Deep-learning based malignancy risk estimation of pulmonary nodules in PET/CT imaging

L. Leijten, E. van der Heijden, E. Aarntzen, R. Verhoeven and C. Jacobs

European Congress of Radiology 2026.

Purpose: The current BTS guidelines recommend evaluation of suspicious pulmonary nodules using [18F]FDG-PET/CT imaging followed by Herder model risk stratification. However, its reliance on a small set of predefined features may limit its diagnostic accuracy. This study aims to develop a deep learning (DL) algorithm for risk stratification and compare its performance to the Herder risk model and clinician assessment. Methods: In a single-center retrospective study, we collected 533 indeterminate pulmonary nodules (265 malignant) with a diameter of 18.4 ± 12.1 (mean ± SD) in 436 patients. Cases were identified through biopsy records (n=341), querying for FDG-PET/CT reports with mentions of pulmonary nodules (n=50), and using automatic nodule detection in confirmed benign patients (n=142).
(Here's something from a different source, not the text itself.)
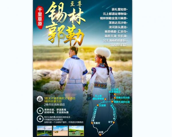 聊城乘高鐵或動車抵達北京南站。14:30前北京南站集合,工作人員舉”千里草原、錫林郭勒”導游旗,統(tǒng)一接站!我們的工作人員會提前一天聯(lián)系您告知出行事宜,請您保持手機暢通,并耐心等候。乘車前往冬奧小鎮(zhèn)——崇禮,途觀世界八大奇跡之一八達嶺長城,晚餐后入住。

Histopathological confirmation and 2-year cancer registry follow-up served as reference standard. A patient-level random split created a development set (n=393) and test set (n=140). Subsequently, we developed a PET/CT DL algorithm which was benchmarked against the Herder risk model and imaging-only assessment by a nuclear physician with 7 years of experience. Model performance was measured using the area under the receiver operating characteristics curve (AUC) with differences between models compared with the DeLong test. Results: On the test set, the PET/CT DL algorithm achieved an AUC 0.85 [95%CI: 0.77 - 0.92] compared to 0.78 [0.68 – 0.86] (p=0.106) by the Herder model. The DL algorithm outperformed imaging assessment by the nuclear physician: AUC 0.77 [0.68 – 0.85] (p=0.024). Conclusion: The PET/CT DL algorithm showed similar performance to the guideline-recommended Herder risk model, but outperformed imaging-only assessment by the nuclear physician. The DL algorithm may help to optimize the clinical decision between invasive diagnosis and CT surveillance follow-up. Limitations: The single-center design and non-consecutive cohort may limit generalizability of the results.